▶ REQUIREMENT
Using the data below, return word for word every line from the one holding "Der interaktive Kran" down to the one holding "Генеральный директор ТРЦ". Leave pictures out.

▶ TASK INPUTS
━━━━━━━━━━━━━━━━━━━━
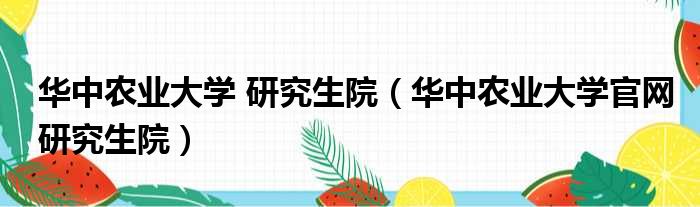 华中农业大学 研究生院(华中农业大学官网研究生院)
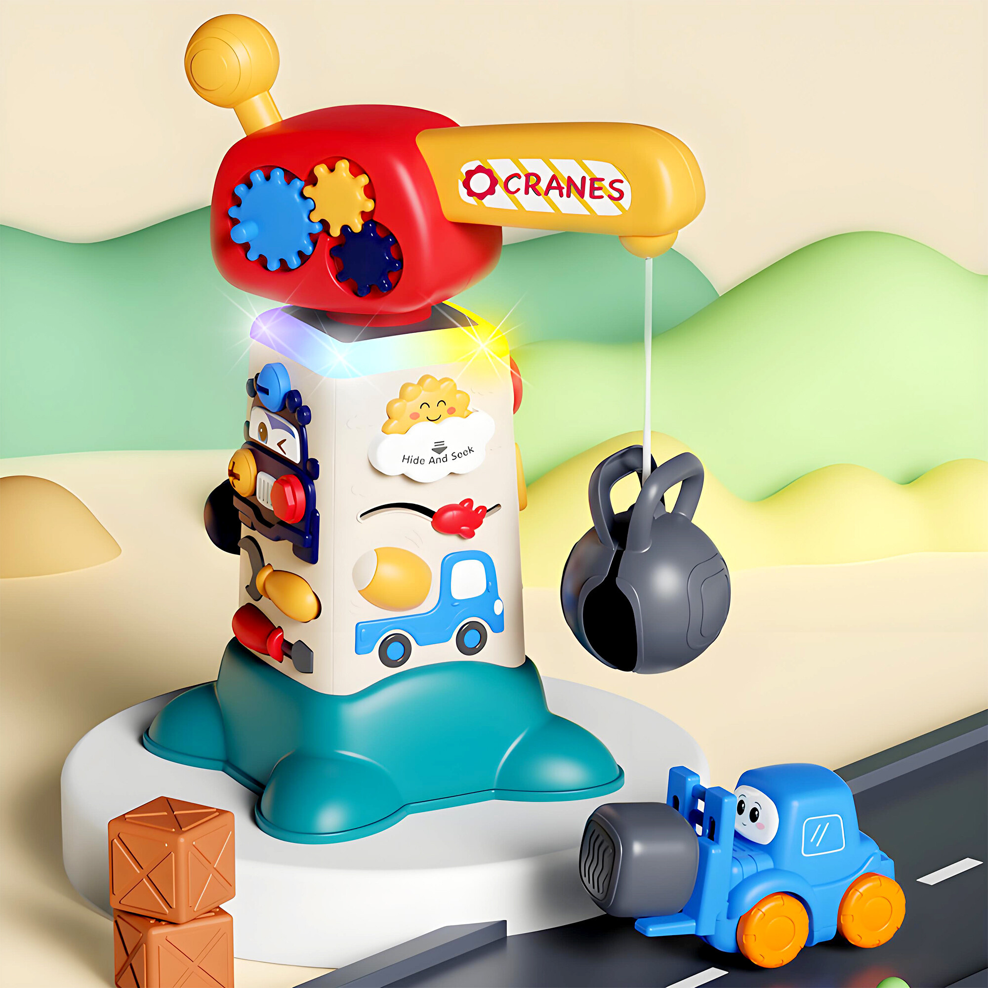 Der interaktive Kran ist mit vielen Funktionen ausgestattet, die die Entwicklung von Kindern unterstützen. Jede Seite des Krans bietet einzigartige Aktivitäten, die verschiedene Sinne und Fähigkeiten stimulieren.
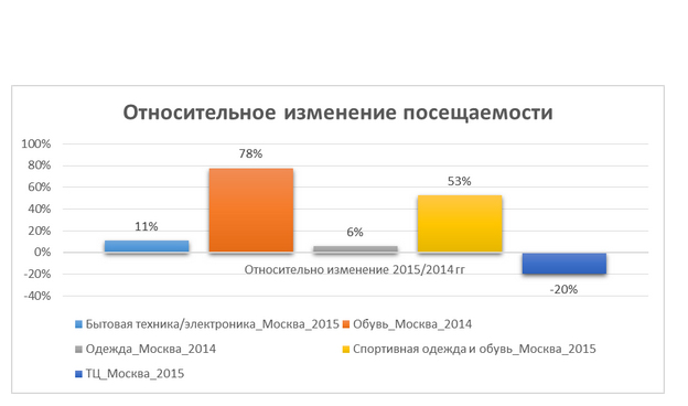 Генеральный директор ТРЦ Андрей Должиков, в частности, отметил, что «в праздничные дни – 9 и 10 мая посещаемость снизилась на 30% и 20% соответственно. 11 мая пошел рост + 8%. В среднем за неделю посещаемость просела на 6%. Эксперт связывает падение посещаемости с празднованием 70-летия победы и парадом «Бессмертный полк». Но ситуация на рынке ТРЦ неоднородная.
━━━━━━━━━━━━━━━━━━━━
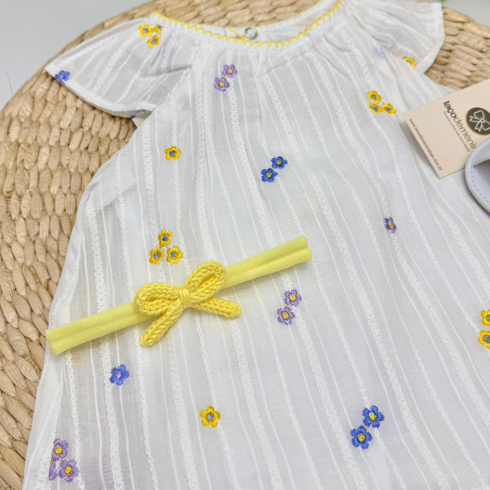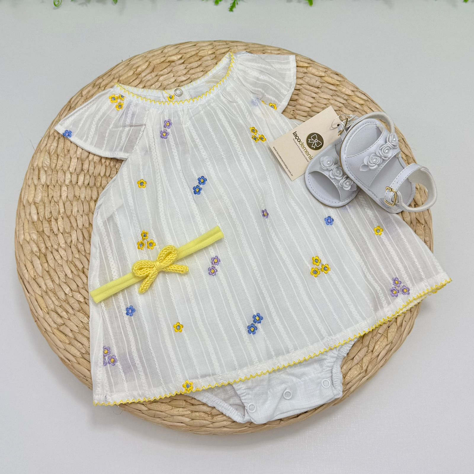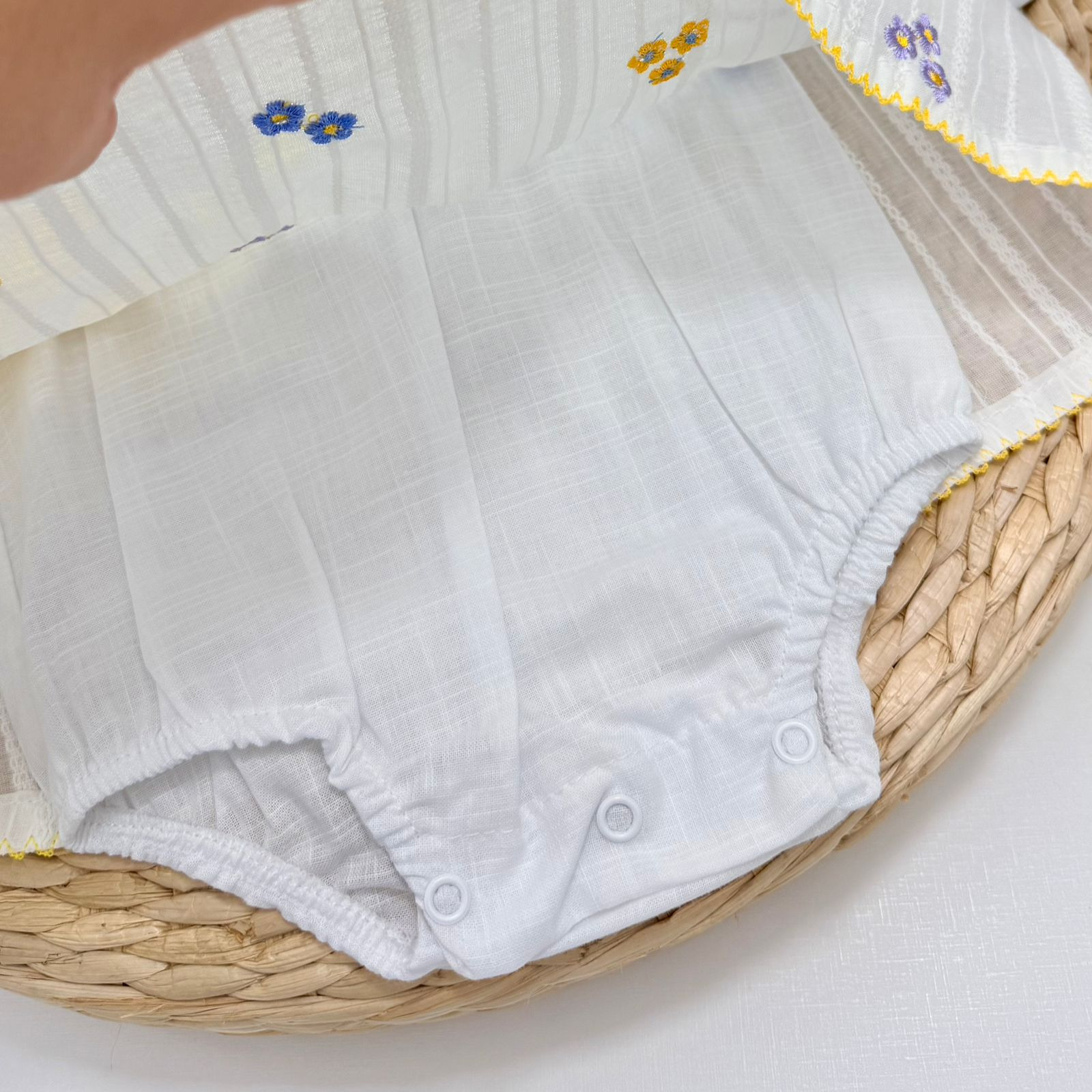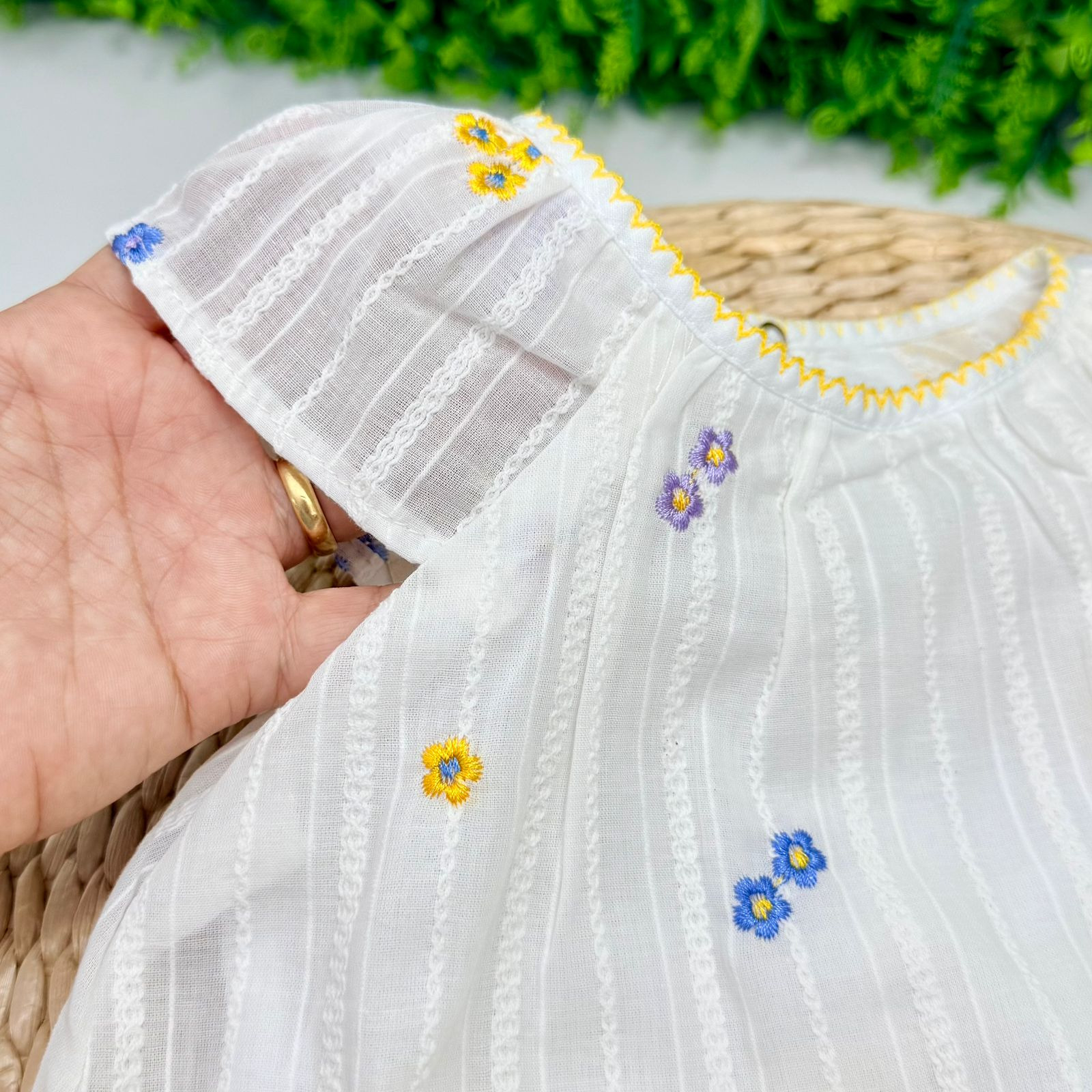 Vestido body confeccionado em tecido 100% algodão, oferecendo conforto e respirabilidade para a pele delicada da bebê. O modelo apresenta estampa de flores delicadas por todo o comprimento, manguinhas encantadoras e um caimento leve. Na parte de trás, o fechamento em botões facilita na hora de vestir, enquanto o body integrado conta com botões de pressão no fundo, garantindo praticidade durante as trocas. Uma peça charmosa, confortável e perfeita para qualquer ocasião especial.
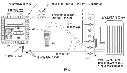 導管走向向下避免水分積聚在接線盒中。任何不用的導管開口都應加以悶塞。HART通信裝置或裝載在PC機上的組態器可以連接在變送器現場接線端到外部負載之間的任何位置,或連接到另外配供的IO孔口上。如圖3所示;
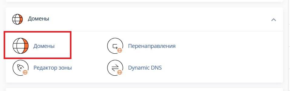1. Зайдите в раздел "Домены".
━━━━━━━━━━━━━━━━━━━━
▶ ANSWER TO THE PROBLEM
 Der interaktive Kran ist mit vielen Funktionen ausgestattet, die die Entwicklung von Kindern unterstützen. Jede Seite des Krans bietet einzigartige Aktivitäten, die verschiedene Sinne und Fähigkeiten stimulieren.
 Генеральный директор ТРЦ Андрей Должиков, в частности, отметил, что «в праздничные дни – 9 и 10 мая посещаемость снизилась на 30% и 20% соответственно. 11 мая пошел рост + 8%. В среднем за неделю посещаемость просела на 6%. Эксперт связывает падение посещаемости с празднованием 70-летия победы и парадом «Бессмертный полк». Но ситуация на рынке ТРЦ неоднородная.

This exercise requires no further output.